Your second approach is correct.
You want to prove that $X = \mathbb{N}$
For being $X$ a subset of $\mathbb{N}$ , then $X \subset\mathbb{N}$
Now we have to proof that $\mathbb{N}\subset X$
So let be $n \in\mathbb{N}$, then it exist some $k \in\mathbb{N}$ with $n=2^{k+1}-p$, where p$\leq k$
For i): $1 \in X \Rightarrow 2 \in X$$\;$ for ii)
For ii) again: $2 \in X \Rightarrow 2^{k+1} \in X \Rightarrow 2^{k+1}-p \in X$ $\;$(because of iii)
So $\mathbb{N}\subset X$
And then $X = \mathbb{N}$

Answer 2

First, I assume that when you say $X$ is a partition of $\mathbb N^*$, you mean that $X$ is a subset of $\mathbb N^*$.

"Obviously" $X \subseteq \mathbb N^*$. If would be good that you provide simple arguments on the why.

Let's prove conversely that $\mathbb N^* \subseteq X$ by induction:

• $1 \in X$ by hypothesis.
• Suppose that for $n \ge 1$, we have $\{1, \dots, n \} \subseteq \mathbb N^*$ and let's prove that $\{1, \dots, n+1 \} \subseteq \mathbb N^*$.

If $n = 2p$ is even then by induction hypothesis, $p \in X$. And as $p + 1 \le 2p$, you also have $p+1 \in X$ and by hypothesis ii) $2(p+1) = 2p+2 \in X$. Therefore by hypothesis iii) $n+1 = 2p+1 = 2(p+2) - 1 \in X$.

And if $n = 2p+1$ is odd, $p +1$ also belongs to $X$ by induction hypothesis as $1 \le p+1 \le 2p+1$. Therefore $n+1 = 2(p+1)$ is in $X$ by hypothesis ii).

Answer 3

I like your second approach.

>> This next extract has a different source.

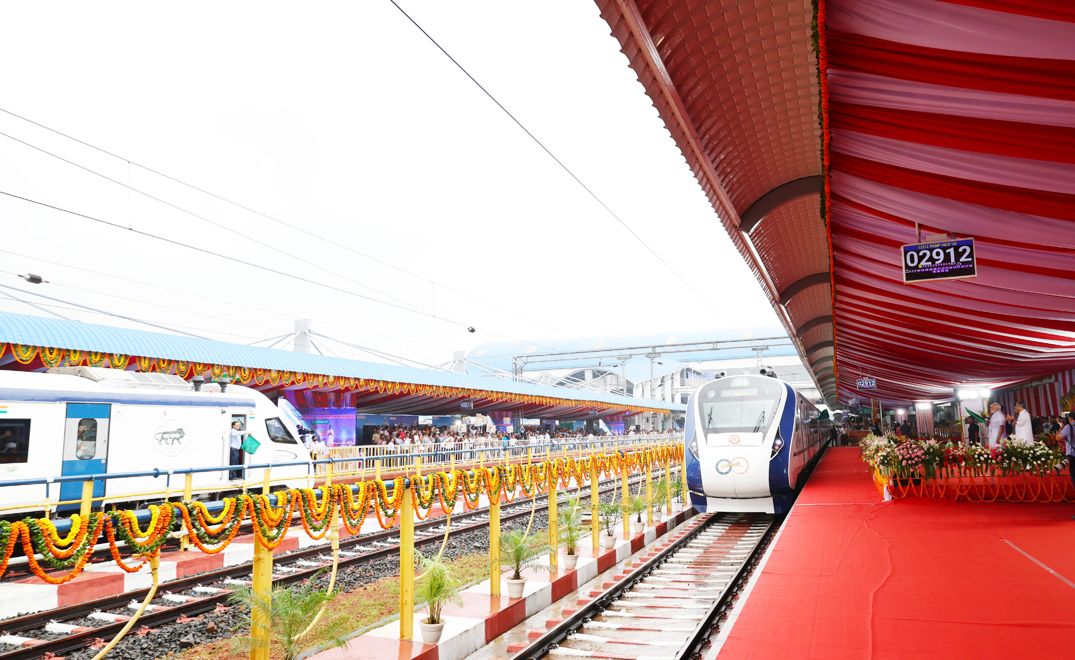 Indian Railways witnessed a historic day today when Prime Minister Shri Narendra Modi flagged off five new & upgraded versions of Vande Bharat Express trains at Rani Kamalapati Station in Bhopal. During this event, Governor, Madhya Pradesh Shri Mangubhai Patel, Chief Minister Madhya Pradesh Shri Shivraj Singh Chauhan, Union Minister for Railways, Communications and Electronics & Information Technology Shri Ashwini Vaishnaw, public representatives and special guests were also present at the venue.

We can formalise your second approach in easy stages like this:

Lemma if $n \in X$, then so is every $m \in \Bbb{N}^*$ with $m < n$.

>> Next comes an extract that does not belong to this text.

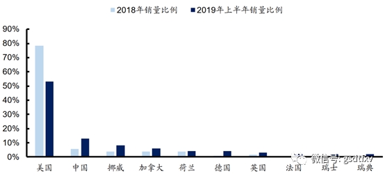 然而,在中国这样全球规模第一的市场中,特斯拉多年的市场占有率并不高。美国仍然是特斯拉最大的销售市场,2018年来看,美国市场占据特斯拉销量的79%,中国市场仅占特斯拉销量的6%,而2018年中国市场占据全球新能源汽车销量的53%,美国仅占13%。不过,2019年特斯拉在中国市场也的确呈现良好的增长态势,根据2019年上半年数据,美国市场占据特斯拉过半销量(53%),中国市场屈居第二(13%),但相比2018年6%的数据已经翻倍。考虑到中国作为全球新能源车主力销售国家,特斯拉作为智能新能源汽车的标杆所具备的强大市场号召力,叠加上海超级工厂产能的持续提升和国产主力车型所具备的可观的降价空间等诸多因素,未来特斯拉在中国市场份额具备极高的提升空间。
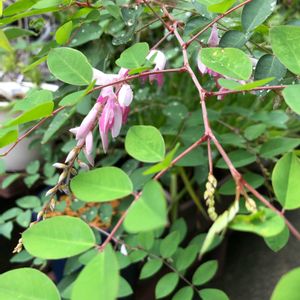 庭藤がピンク💗と白🤍 💗🤍💗🤍💗🤍💗🤍💗 の可愛い花を覗かせています💕 何しろこの子は葉の下に隠れて咲くので 葉を避けて撮りました💦 恥ずかしがり屋も困ったもんだ

Proof induction on $n - m$ using rule (iii).

Lemma if $m \in \Bbb{N}^*$, then there is $n \in X$ with $m < n$.

Proof by rules (i) and (ii) and induction, $2^k \in X$ for every $k \in \Bbb{N}$. As the $2^k$ are unbounded there is $k$ such that $m < 2^k$ and we may take $n = 2^k$.

Theorem $X = \Bbb{N}^*$

Proof from the second lemma, if $m \in \Bbb{N}^*$, there is an element $n$ of $X$ with $m < n$ and then from the first lemma $m \in X$.

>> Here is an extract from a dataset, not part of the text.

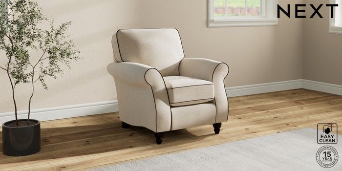 7.3.1 Buy Ashford Small Armchair Fine Chenille with Contrast Oyster and Chocolate Brown Low Turned - Dark from the Next UK online shop Click here to use our accessible website
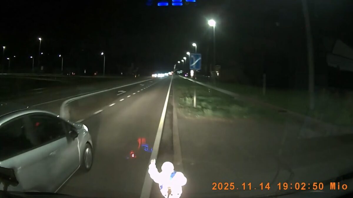 Onze chauffeur reed rustig van de snelweg af toen er ineens iemand van links voor hem schoot, waardoor hij met al zijn gewicht vol in de ankers moest. Even later gaat ze ook nog eens hard op de rem staan. De bestelcoureur is er klaar mee, knalt zijn bak erlangs en ineens is het klaar. Ze bleef netjes op afstand alsof er nooit iets gebeurd was.

[Aside: to prove that the $2^k$ are unbounded, you prove by induction on $m$ that for every $m \in \Bbb{N}^*$, there is a $k$ with $m < 2^k$, with $m=1$ and $k =1$ in the base case. Your approach requires three inductions rather than one, but is much closer to the intuition behind the rules.]